From the listing below, copy only the lines running from the line that contains "(Pastor Menges hinter" to the line that contains "Złoty kolor oprawek", both included.
[[ Task inputs open ]]
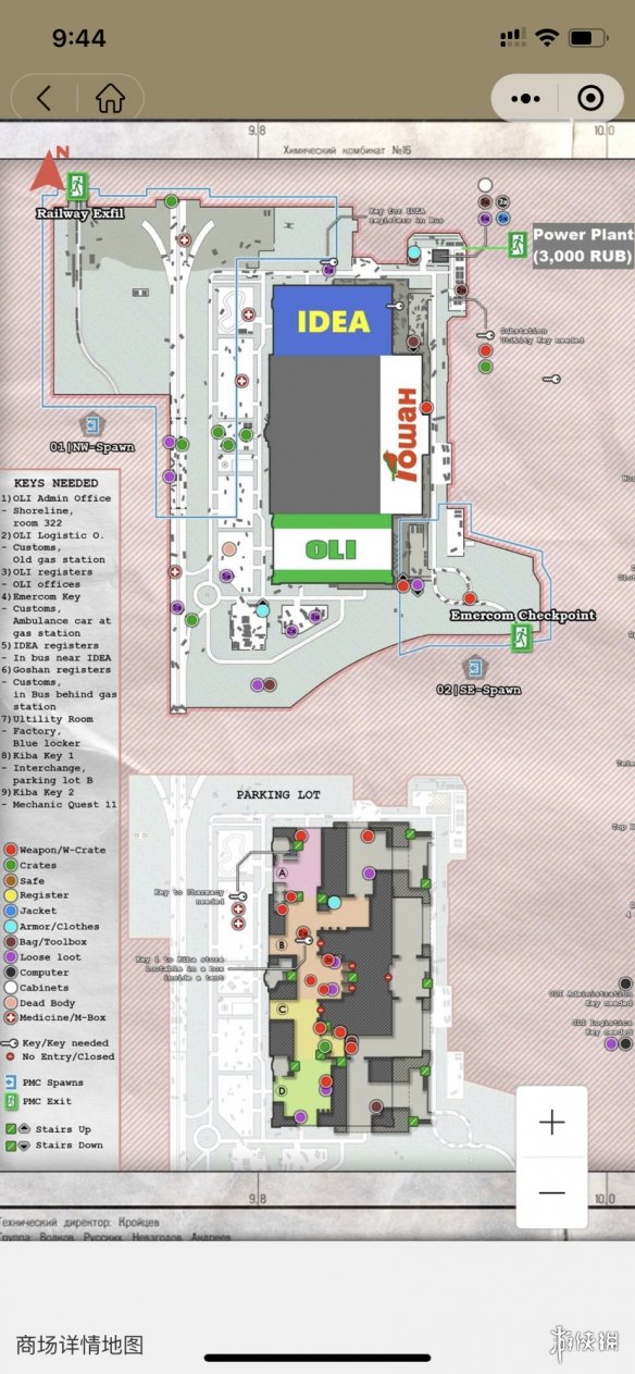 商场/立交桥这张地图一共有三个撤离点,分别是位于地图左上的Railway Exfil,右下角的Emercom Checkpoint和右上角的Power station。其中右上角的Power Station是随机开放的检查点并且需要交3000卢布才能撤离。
[[ Task inputs closed ]]
[[ Task inputs open ]]
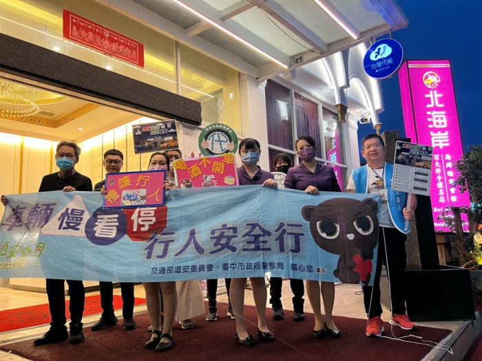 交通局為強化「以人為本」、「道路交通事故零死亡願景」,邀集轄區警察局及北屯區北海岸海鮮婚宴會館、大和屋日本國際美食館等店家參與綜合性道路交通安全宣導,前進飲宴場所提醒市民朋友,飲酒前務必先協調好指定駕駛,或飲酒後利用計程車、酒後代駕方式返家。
[[ Task inputs closed ]]
[[ Task inputs open ]]
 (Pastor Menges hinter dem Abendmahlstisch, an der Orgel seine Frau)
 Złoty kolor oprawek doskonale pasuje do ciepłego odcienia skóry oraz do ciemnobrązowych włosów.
[[ Task inputs closed ]]
## Written reply:
 (Pastor Menges hinter dem Abendmahlstisch, an der Orgel seine Frau)
 Złoty kolor oprawek doskonale pasuje do ciepłego odcienia skóry oraz do ciemnobrązowych włosów.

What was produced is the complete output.